For a long time, I noticed something strange about conversations on climate and nuclear energy. Even people who are deeply worried about global warming often hesitate when nuclear comes up. They lower their voice slightly. They qualify their support. They say things like, “I’m not against it, but…”

That hesitation is real. I’ve felt it myself.

Nuclear accidents leave a psychological mark that doesn’t fade easily. The word “waste” sounds permanent. Construction costs spiral into headlines. Even people who believe we need clean energy sometimes wish the solution felt safer, simpler, more emotionally comfortable.

But climate change has a way of narrowing what feels comfortable. Every year we delay cutting fossil fuel use makes the problem harder to solve.

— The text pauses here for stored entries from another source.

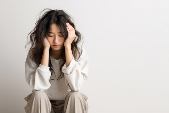 Beautiful, stylish young Asian woman in casual white and beige sit, put her head in her hand, eyes closed, feeling sad, depressed, stressed, headache. Self care, mental health disorder and wellbeing
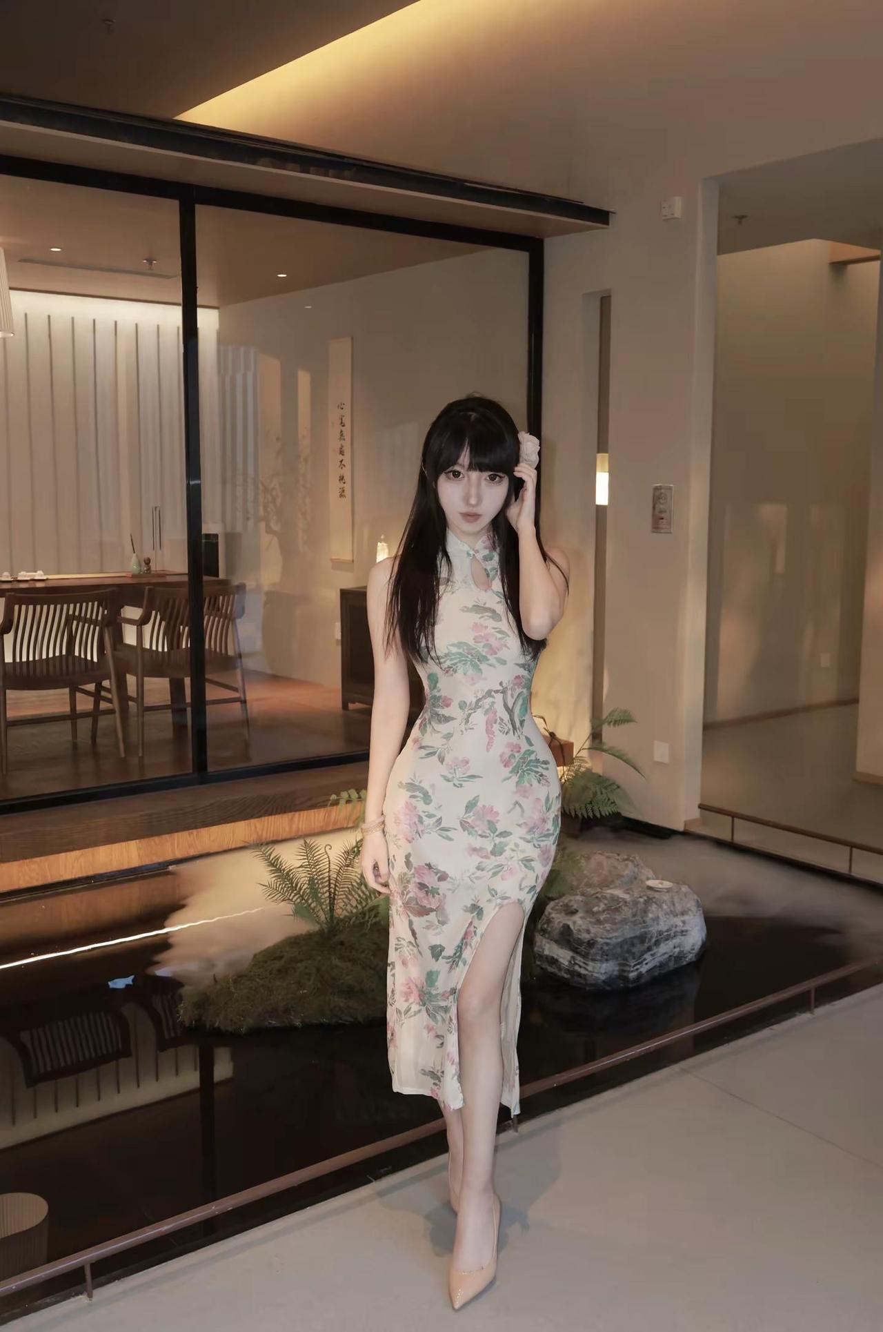 一袭旗袍,勾勒出东方的优雅与柔美。裙摆上的花卉图案,仿佛是春日里绽放的花朵,诉说
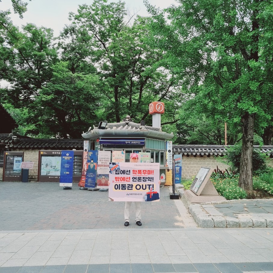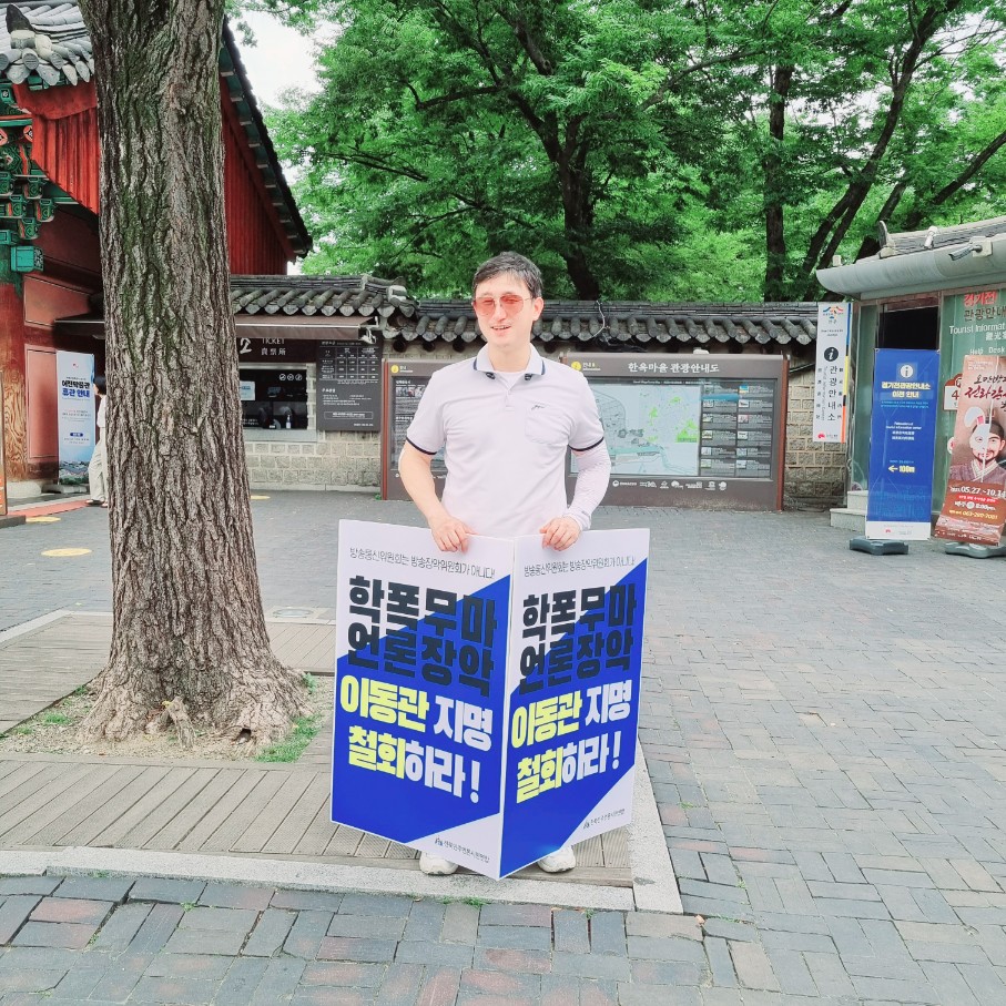8월 매주 금요일은 이동관 방통위원장 지명 철회 촉구 1인 시위의 날입니다.

Summers feel hotter. Electricity demand spikes during heatwaves. Grids strain in ways they didn’t a decade ago. At the same time, we are plugging more into the system, electric cars, heat pumps, factories trying to decarbonize, data centers that never sleep. We are building a world that runs more and more on electricity, not less.

That is where the tension becomes unavoidable.

Nuclear power is not renewable in the way solar and wind are. It does not feel light or decentralized. It is large, complex, and heavily regulated. Yet once operating, it produces enormous amounts of electricity with almost no direct carbon emissions. Globally, nuclear generates about 10% of all electricity and roughly a quarter of the world’s low-carbon power. If that disappears without something equally clean and equally reliable replacing it, fossil fuels usually fill the gap. That isn’t ideology. It’s how grids work.

Solar and wind are expanding rapidly, and they must continue to. Their growth has been one of the most encouraging climate developments of the past decade. But they are weather-dependent. When the sun sets or the wind slows, demand does not politely wait. Energy experts call the solution “firm power,” electricity you can count on at any time, even when the weather isn’t cooperating.

Right now, in many countries, fossil fuels provide that reliability.

That’s what makes the debate uncomfortable. If we phase out nuclear before we have fully built out storage or other stable low-carbon alternatives, gas and coal plants tend to stay online longer. They run more hours to cover the gaps. Emissions fall more slowly. The math tightens.

When I look at what countries are actually doing, I see this tension playing out in real time. China is building nuclear and solar simultaneously. India is expanding both as demand grows. France is renewing its nuclear fleet to preserve one of the lowest-carbon electricity systems in the world. Poland is constructing its first nuclear plant as it tries to move away from coal while keeping the lights on through long, cold winters.

None of these decisions look like celebration. They look like calculation.

I don’t see governments falling in love with nuclear. I see them accepting it, sometimes reluctantly, because climate risk is no longer abstract. Nuclear risk is serious, but it is regulated, engineered, and geographically contained. Climate risk is systemic and cumulative. It touches everything.

That doesn’t mean nuclear gets a free pass. Safety standards must remain uncompromising. Projects must be delivered more efficiently than they have been in the past. Waste solutions must be handled transparently and responsibly. Supporting nuclear while ignoring its weaknesses would be unserious.

But rejecting it outright while demanding rapid decarbonization feels equally inconsistent.

Reluctant acceptance may not be inspiring. It may never feel emotionally satisfying. Yet energy systems are built on physics, not preference. As electricity becomes the backbone of modern life, the real question is simple: are we willing to remove one of the few proven sources of large-scale, firm, low-carbon power while the climate clock is still ticking?

For me, that question doesn’t eliminate the hesitation. It just makes the answer clearer.